Sloterdijk. El antídoto al cinismo

FRANCESC TORRALBA EL PAÍS - 15/02/2010
 
Desde que en 1983 el filó-sofo alemán Peter Sløter-dijk publicara la Crítica de la razón cínica han pasado ya más de 25 años y, sin embargo, su profundo análisis de cinismo postmoderno sigue gozando de una extraordinaria vigencia. Esta obra, junto con la Teoría de la acción comunicativa (1981), de Jürgen Habermas, y El principio de responsabilidad (1977), de Hans Jonas, es, con mucha probabilidad, uno de los ensayos filosóficos más sugerentes del último tercio del pasado siglo.

Los jóvenes están sedientos de causas por las que merezca la pena luchar. Tienen hambre de épica
En la obra, reeditada hace muy poco por Siruela, el polémico pensador distingue, con lucidez, el cinismo griego, cuyo máximo representante es Antístenes, del cinismo contemporáneo. En aquella escuela filosófica se adoraba al perro, se reivindicaba la vida natural, sin normas, ni convenciones, en plena harmonía con el Todo; se aspiraba a una existencia sobria, sin ornamentos, ni artificios; se anhelaba la autenticidad, lo cual nada tiene que ver con el cinismo difuso de la tan cacareada postmodernidad.

El cinismo postmoderno es una expresión del nihilismo. El cínico postmoderno ya no cree en nada, ni en la Patria, ni en la Revolución, ni en el Partido. Ha dejado de confiar en las grandes palabras. En su alma habita el más inquietante de los huéspedes: el nihilismo. Parte de la idea que todo lo sólido se desvanece en el aire, por lo cual, la lucha carece de sentido, como también la revolución.

El cínico es el último eslabón del criticismo, la consciencia desgraciada de la Ilustración, el gato escaldado por las ideologías. Como insinúa Peter Sløter-dijk, sólo se mueve por el instinto de autoconservación a corto plazo. Experimenta una cierta ternura frente al joven alternativo, al rebelde antiglobalización y al ecologista convencido; una suerte de piedad frente a los que sueñan que otro mundo es posible. Viene de vuelta de todo, pero, en el fondo le devora una melancolía que mantiene bajo control emocional.

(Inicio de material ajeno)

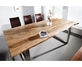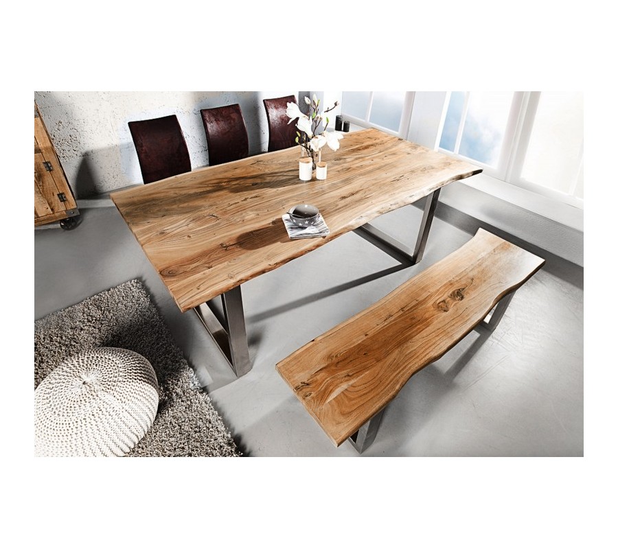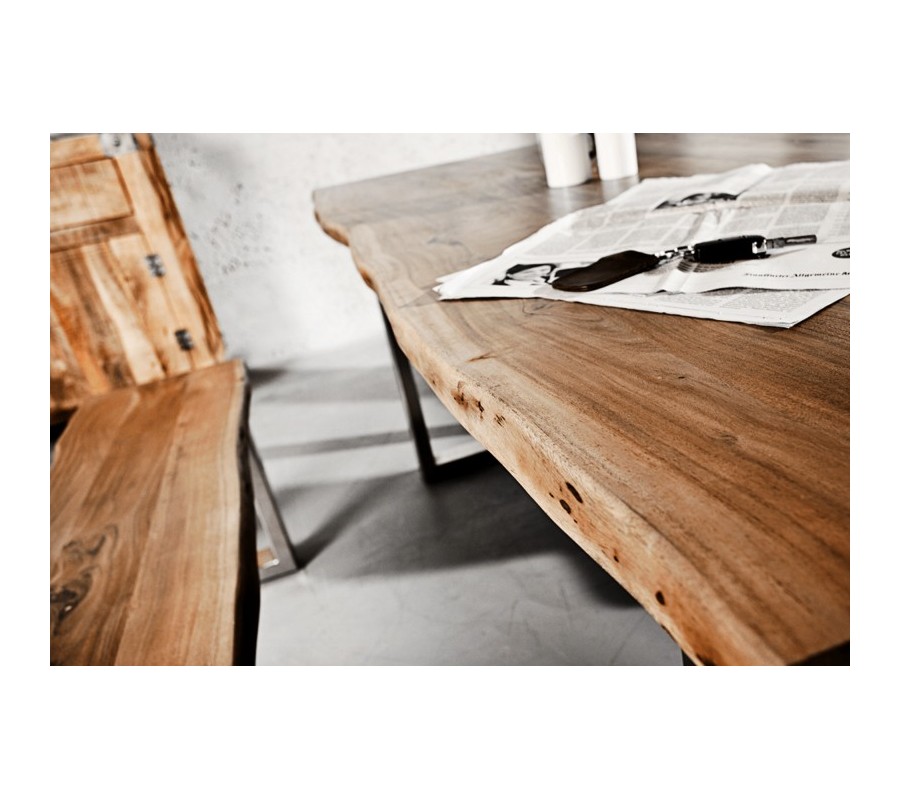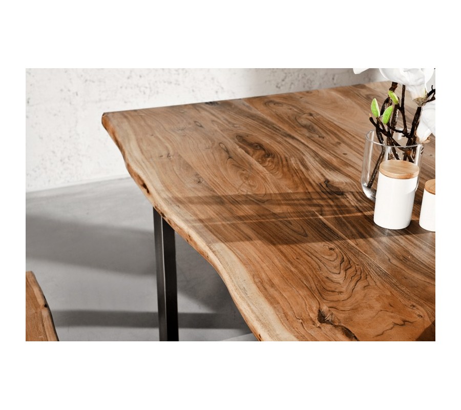 Dizajnový jedálenský stôl Mammut vás zaujme najmä svojím elegantným a dizajnovým prevedením. Je vyrobený z masívneho akáciového dreva, ktoré vytvára nádherný prírodný dojem. Prírodný materiál je doplnený o kovové nohy, ktoré spolu vytvoria zaujímavý industriálny vzhľad. Skvelo vynikne v svetlých priestoroch a industriálne či alternatívne ladených jedálňach. Odporúčame taktiež kombináciu s masívnym nábytkom a doplnkami v naturálnom kolorite.
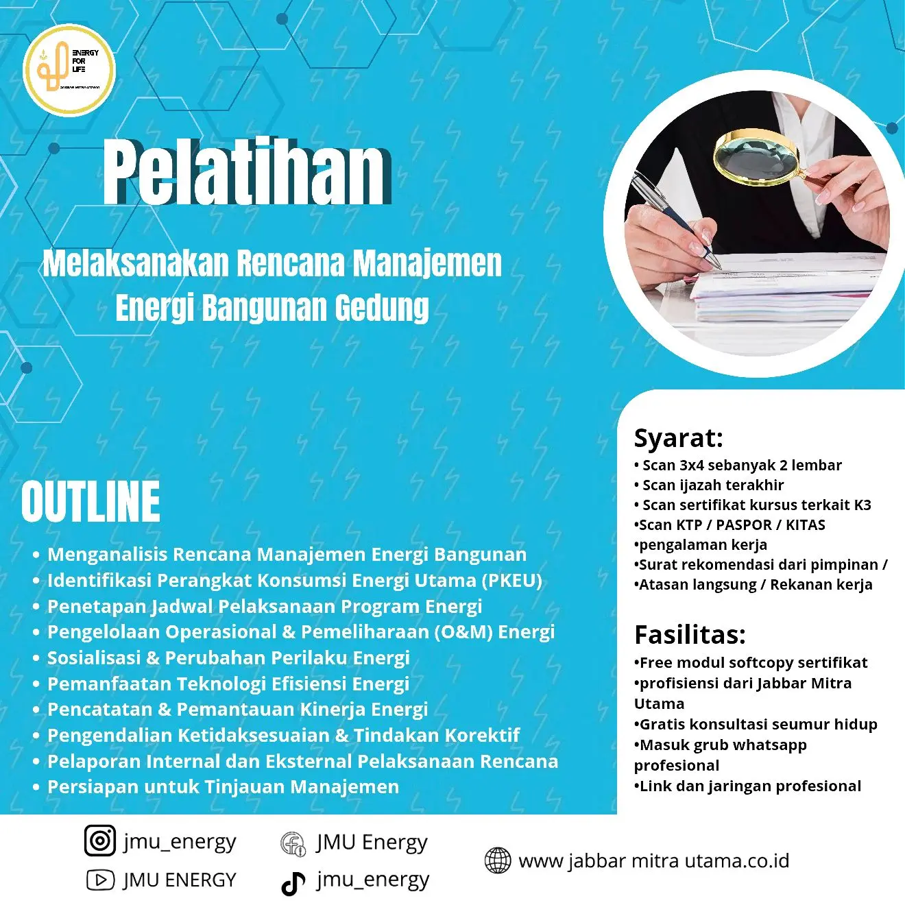 Pelatihan ini dirancang untuk meningkatkan kompetensi peserta dalam merencanakan dan melaksanakan manajemen energi di bangunan gedung. Peserta akan dibekali dengan pengetahuan dan keterampilan teknis dalam mengidentifikasi potensi penghematan energi, menyusun program manajemen energi, serta melakukan evaluasi terhadap pelaksanaannya.

Es un conformista, lleva tatuada en su epidermis la mentalidad TINA (There is no alternative), pero aparenta creer en algo, da la impresión que tiene convicciones y, de hecho, sigue en el Partido, en la Iglesia o en la ONG de turno, pero sólo él sabe que ya no cree en nada más que en conservar su statu quo. El cinismo difuso es el gran mal a combatir, una especie de virus que campa a su aire por el mundo social y político.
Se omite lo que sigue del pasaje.